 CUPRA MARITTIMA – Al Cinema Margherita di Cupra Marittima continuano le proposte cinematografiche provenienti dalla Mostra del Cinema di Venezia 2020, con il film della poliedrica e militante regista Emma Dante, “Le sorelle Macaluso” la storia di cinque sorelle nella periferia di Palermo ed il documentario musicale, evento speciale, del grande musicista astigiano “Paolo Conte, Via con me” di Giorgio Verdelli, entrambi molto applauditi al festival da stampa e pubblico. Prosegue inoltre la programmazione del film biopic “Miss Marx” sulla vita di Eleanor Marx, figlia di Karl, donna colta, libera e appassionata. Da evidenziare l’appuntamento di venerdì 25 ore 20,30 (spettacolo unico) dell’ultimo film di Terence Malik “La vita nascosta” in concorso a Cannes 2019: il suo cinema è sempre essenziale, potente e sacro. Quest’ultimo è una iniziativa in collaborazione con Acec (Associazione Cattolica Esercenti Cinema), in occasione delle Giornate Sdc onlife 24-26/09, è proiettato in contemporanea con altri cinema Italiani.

...

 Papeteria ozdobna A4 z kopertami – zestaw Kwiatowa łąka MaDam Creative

---

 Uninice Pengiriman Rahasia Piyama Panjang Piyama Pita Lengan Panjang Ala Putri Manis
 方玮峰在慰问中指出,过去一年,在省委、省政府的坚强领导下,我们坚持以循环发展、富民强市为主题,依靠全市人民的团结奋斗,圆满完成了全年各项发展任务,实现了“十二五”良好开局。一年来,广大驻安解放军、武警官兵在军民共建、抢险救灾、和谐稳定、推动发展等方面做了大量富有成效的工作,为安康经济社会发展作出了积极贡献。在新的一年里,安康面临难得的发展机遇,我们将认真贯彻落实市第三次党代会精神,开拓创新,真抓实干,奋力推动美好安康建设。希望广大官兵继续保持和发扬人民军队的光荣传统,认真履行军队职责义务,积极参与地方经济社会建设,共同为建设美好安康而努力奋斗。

What is required: Above are the records; from them, give again exactly the lines from the one containing "Uninice Pengiriman Rahasia" to the one containing "方玮峰在慰问中指出,过去一年", both lines included, and nothing more.

Response:
 Uninice Pengiriman Rahasia Piyama Panjang Piyama Pita Lengan Panjang Ala Putri Manis
 方玮峰在慰问中指出,过去一年,在省委、省政府的坚强领导下,我们坚持以循环发展、富民强市为主题,依靠全市人民的团结奋斗,圆满完成了全年各项发展任务,实现了“十二五”良好开局。一年来,广大驻安解放军、武警官兵在军民共建、抢险救灾、和谐稳定、推动发展等方面做了大量富有成效的工作,为安康经济社会发展作出了积极贡献。在新的一年里,安康面临难得的发展机遇,我们将认真贯彻落实市第三次党代会精神,开拓创新,真抓实干,奋力推动美好安康建设。希望广大官兵继续保持和发扬人民军队的光荣传统,认真履行军队职责义务,积极参与地方经济社会建设,共同为建设美好安康而努力奋斗。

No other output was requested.